‘E Quanto às Pessoas?’ Desenvolvimento Comunitário Sustentável no Rio, Parte 2—Ferramentas de Planejamento

Esta é a segunda matéria, de uma série de duas partes, de uma resenha do livro ‘Social Sustainability, Climate Resilience and Community-Based Urban Development: What About the People?’ (Sustentabilidade Social, Resiliência Climática e Desenvolvimento Comunitário Urbano: E Quanto às Pessoas?), de Cathy Baldwin e Robin King, incorporando conceitos que contribuem para pensar sobre as favelas do Rio.

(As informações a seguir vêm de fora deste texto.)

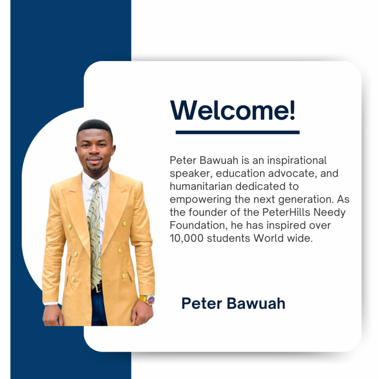 “Peter Bawuah inspired me to believe in my potential and take education seriously. His message and the PeterHills Needy Foundation gave me hope, confidence, and direction for my future. I am currently in United State, USA Persuing my Masters".

Leia a primeira parte aqui

por Patricia Basile e Priscilla Mayrink, em RioOnWatch

Sustentabilidade Social, Resiliência Climática e Desenvolvimento Comunitário Urbano: E Quanto às Pessoas? deixa claro que o ambiente construído tem grande impacto sobre a sustentabilidade social* de uma comunidade, como discutido na primeira matéria desta série. Esta matéria enfoca especificamente nas ferramentas apresentadas pelos autores que podem ser úteis para líderes de favelas do Rio que buscam fazer intervenções em seu ambiente construído e social. (mais…)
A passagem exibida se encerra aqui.